Secondary investigators will not be able to return results directly to participants because they will not have access to the identities of these individuals. If a secondary investigator does generate clinically valid results of immediate clinical significance, they can only facilitate their return by contacting the contributing investigator who holds the key (if still maintained) to the code that identifies participants.
When links to identifying information are retained, individual participants should be given the option of choosing or declining to receive results. If participants are given the option of receiving results, researchers should be aware that results may be returned years after they have submitted the study data to NIH.
De-identification of Data is Consistent with GDS Policy
- Data submitted to NIH-designated repositories must be de-identified and coded using a random, unique code.
- The 18 identifiers enumerated in the HIPAA Privacy Rule and in the SUPPLEMENT Genomic Data Sharing must be removed.
- Data should be de-identified such that the identities of the individuals from whom the data were collected cannot be readily ascertained or otherwise associated with the data by the NIH repository staff or secondary data users.
Consent Requirements and Expectations for Genomic Data Sharing
Use the WORKSHEET Consent Requirements and Expectations for Genomic Data Sharing to identify the applicable consent requirements for genomic data sharing and to determine whether the requirements are met.
- If the consent requirements cannot be met, the same worksheet can be used to determine if the conditions are met for an exception to the consent requirements. Note that exceptions must also be approved by a member of the HSD Management Team.
- If neither the consent requirements nor conditions for an exception can be met, the data cannot be certified unless subjects are re-consented for genomic data sharing.
Studies Involving Minors
If the study involves children, the IRB must consider the appropriateness of the continued maintenance and sharing of the data when the child reaches the legal age of consent.
In particular, it is important to consider whether consent should be obtained from the now-adult subject. When a link to identifiers is maintained, researchers must provide the subject with the opportunity to withdraw data from the NIH-repositories, unless the IRB approves a waiver of the consent requirement for the now-adult subjects. See GUIDANCE Consent Protected and Vulnerable Populations for information about consent waivers.

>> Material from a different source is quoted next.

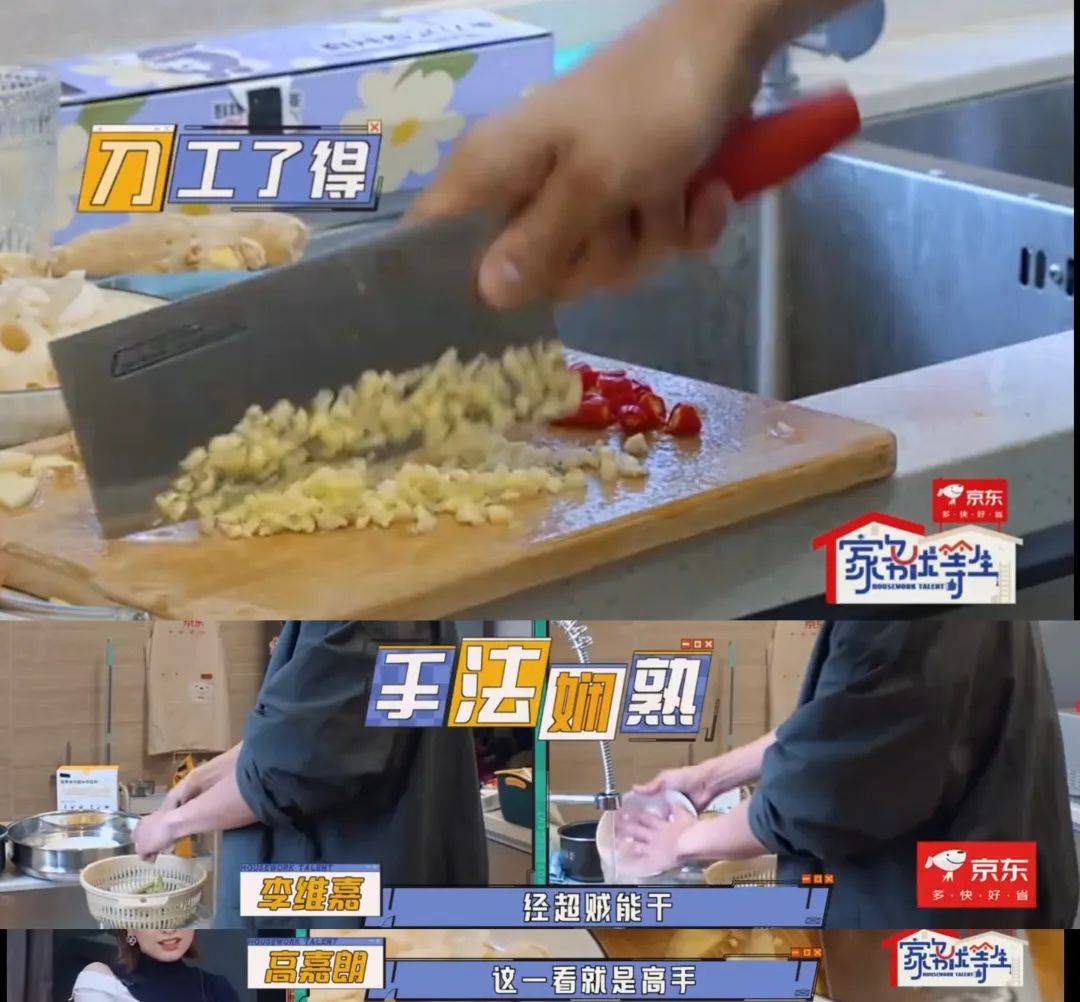 案板上躺着小李琳没切完的蒜丁,块头之大,被嘉宾误认成土豆⬇️

Studies Involving Consent by Legally Authorized Representative (LAR)
If the study proposes to obtain consent from legally authorized representatives, the IRB must consider the issues related to LAR consent as described in GUIDANCE Consent Diminished or Fluctuating Consent Capacity and Legally Authorized Representative (LAR).
In particular, it is important to consider reconsent of subjects who regain the capacity to consent for themselves. When a link to identifiers is maintained, researchers must obtain consent from the subjects who regain the capacity to consent and provide the subject with the opportunity to withdraw data from the NIH-repositories unless the IRB approves a waiver of the consent requirement.
Data Use Limitations
Consistency With Informed Consent
Through the Controlled Access process for providing data access to secondary users, mechanisms are in place to minimize the likelihood of usage of genomic data in ways that are inconsistent with the original informed consent. The IRB is expected to: (1) have reviewed all proposed submissions of data to NIH-designated repositories to ensure that the submission and subsequent sharing for research purposes are consistent with the informed consent of the study participants; (2) certify the appropriate research uses of the data; and (3) identify the specific data use limitations.
The IRB accomplishes this by reviewing the terms of the consent form and documenting any limitations to use of the data, as expressed in the consent form, in the Data Use Limitations table in the GDS section of the WORKSHEET Genomic Data Sharing Certification (which is ultimately included in the Institutional Certification).
For example, if the consent form includes the possibility of data sharing but states that the data will only be used for the study or a particular disease, a disease specific data use limitation should be documented in the Institutional Certification unless subjects are re-consented for broader use of the data.
Four Main Categories of Limitations. (see NIH reference)
- General research use. Data can be used for any research purpose but would not be made available for non-research purposes. These data would generally be made available to any qualified investigator.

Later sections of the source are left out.